Restate each line of the listing exactly, without carrying over any pictures.

_Recorded data:_
□ □ □ □

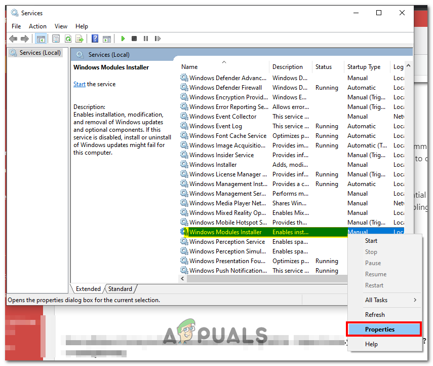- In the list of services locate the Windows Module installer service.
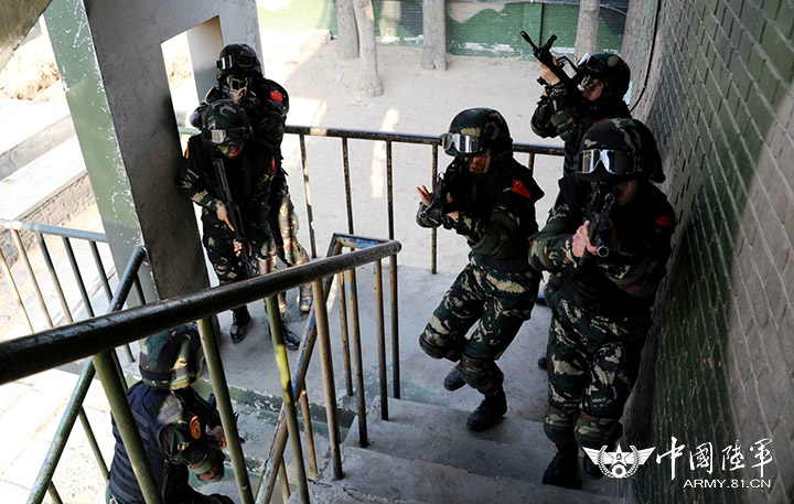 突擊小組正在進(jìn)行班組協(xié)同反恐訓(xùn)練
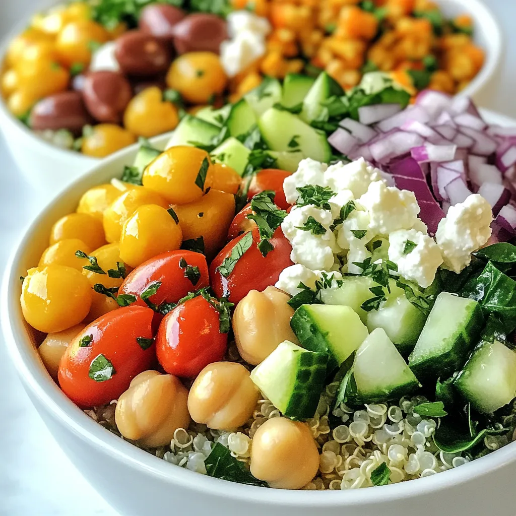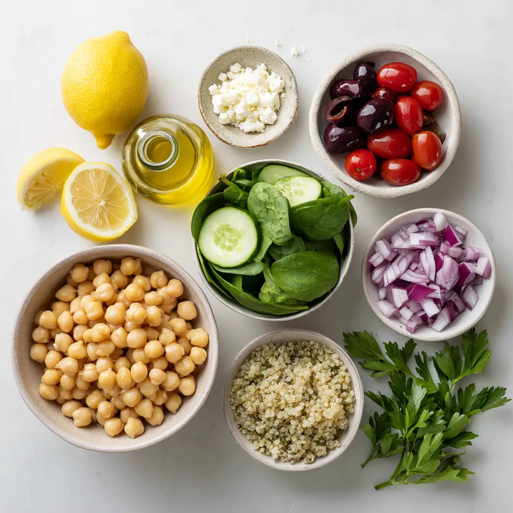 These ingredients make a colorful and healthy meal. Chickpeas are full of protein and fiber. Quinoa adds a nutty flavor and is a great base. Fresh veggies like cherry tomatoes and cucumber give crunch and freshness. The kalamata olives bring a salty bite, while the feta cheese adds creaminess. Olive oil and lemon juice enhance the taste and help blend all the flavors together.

□ □ □ □

_Task answer:_
- In the list of services locate the Windows Module installer service.
 突擊小組正在進(jìn)行班組協(xié)同反恐訓(xùn)練
 These ingredients make a colorful and healthy meal. Chickpeas are full of protein and fiber. Quinoa adds a nutty flavor and is a great base. Fresh veggies like cherry tomatoes and cucumber give crunch and freshness. The kalamata olives bring a salty bite, while the feta cheese adds creaminess. Olive oil and lemon juice enhance the taste and help blend all the flavors together.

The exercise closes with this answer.